Бедная Марья Мартыновна вздохнула и, затаив в себе вздох наполовину, продолжала повествование.
VII
- Начались мои муки здесь, - заговорила снова Марья Мартыновна, - с первого же шага. Как я только высела и пошла, сейчас мне подался очень хороший человек извозчик - такой смирный, но речистый - очень хорошо говорил. И вот он видит, что мне здесь место незнакомое, кланяется и говорит:
"Пожелав вам всего хорошего, осмелюсь спросить:
верно, вам нужно к певцу или в Ажидацию?"

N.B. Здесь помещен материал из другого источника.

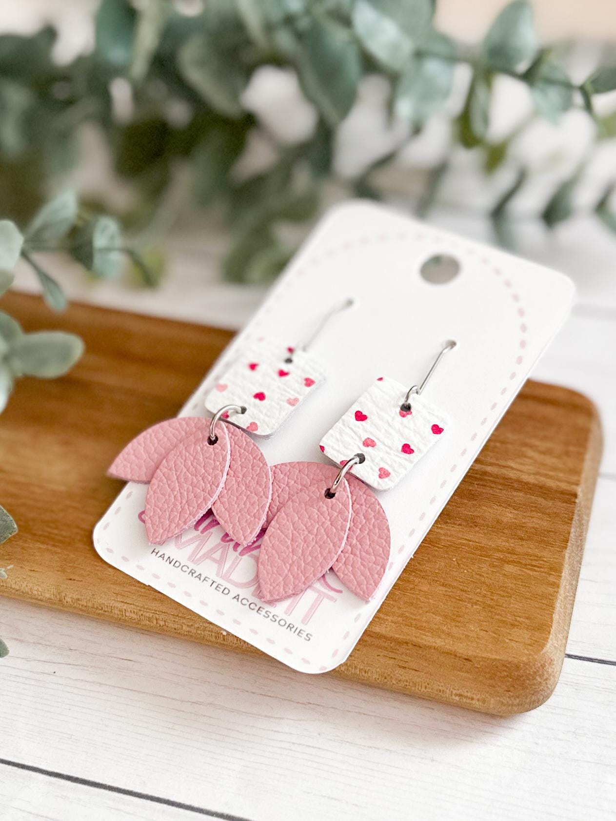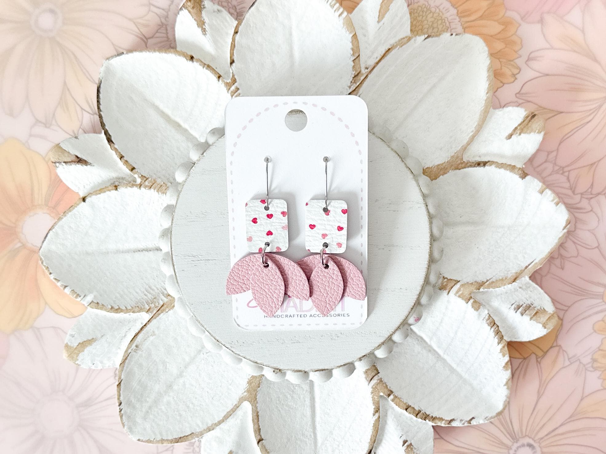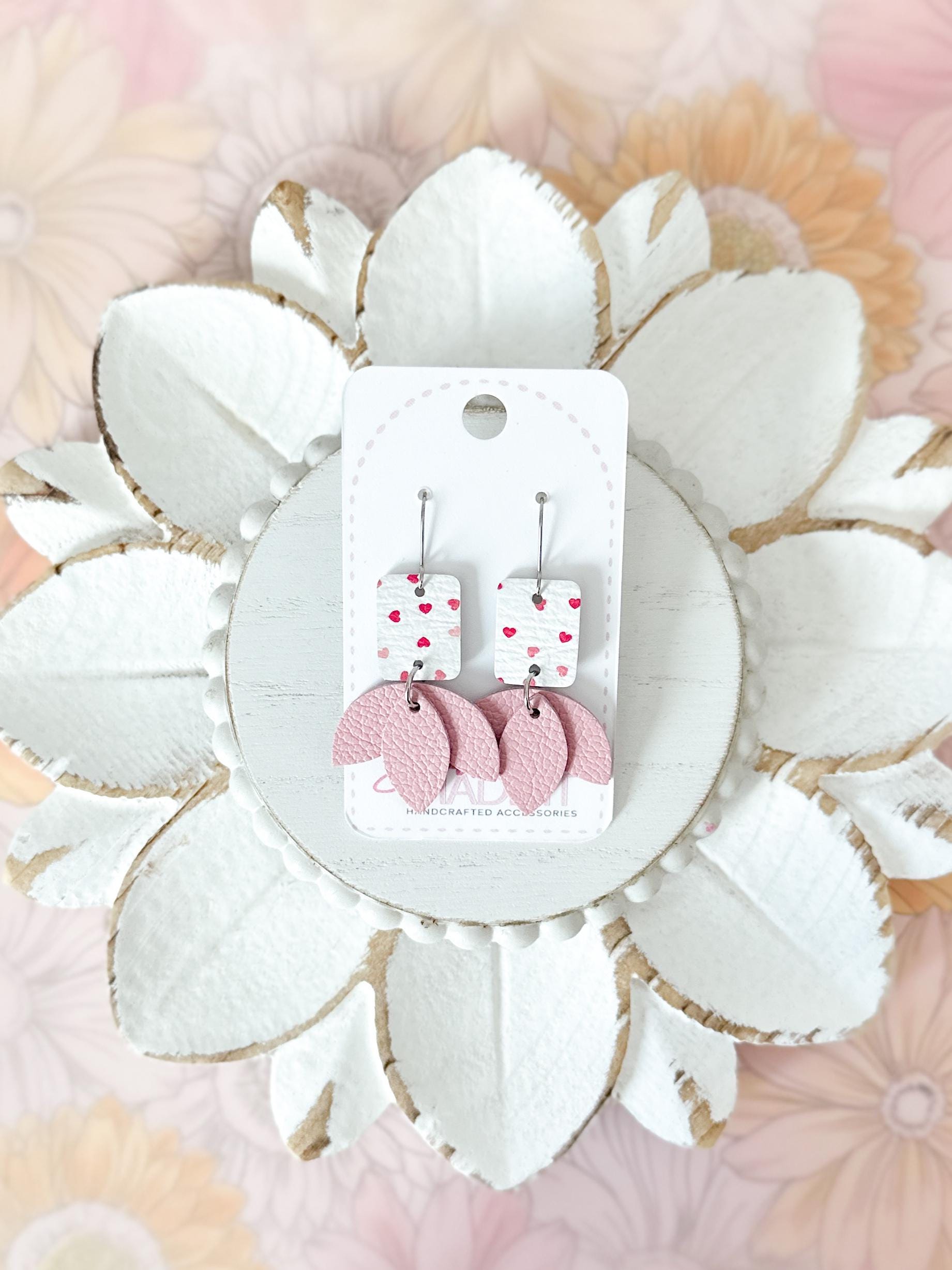 Fresh, fun, and full of color - these play confetti hearts on white leather with soft pink lotus petals beneath are a fun & flirty option for Valentine's Day or any time you want an extra dose of sweet. Lightweight and playful, they’re perfect for adding a pop of girlie energy to your day.

Я даже не поняла и говорю:
"Что такое за певец, зачем мне к нему?"
"Он, - говорит, - все аккордом делает".
И это мне извозчик говорил очень полезное и хорошо, но я не поняла, что значит "аккорд", и отвечала:
"Мне нужно просто -где собирается ажидация";
Извозчик тихо говорит:
"Просто ничего не выйдет, а певец лучше вам устроит аккорд, так как он его сопровождающий и всегда у него при локте".
"Ну, - я говорю, - верно, это какой-нибудь аферист, а я с такими не желаю и тебя слушать не намерена".
"Ну, садитесь, - говорит, - я вас за двугривенный свезу в Ажидацию",
И привез меня сюда честно, но мне и здесь как-то дико показалось. Внизу я тогда никого не застала, кроме мальчика, который с конвертов марки склеивает. Спросила его:
"Здесь ли ожидают?"
Он шепотом говорит: "Здесь".
"А где же старшие?"
Не знает. И все, о чем его ни спрошу, все он не знает:
видать - школеный, ни в чем не проговорится.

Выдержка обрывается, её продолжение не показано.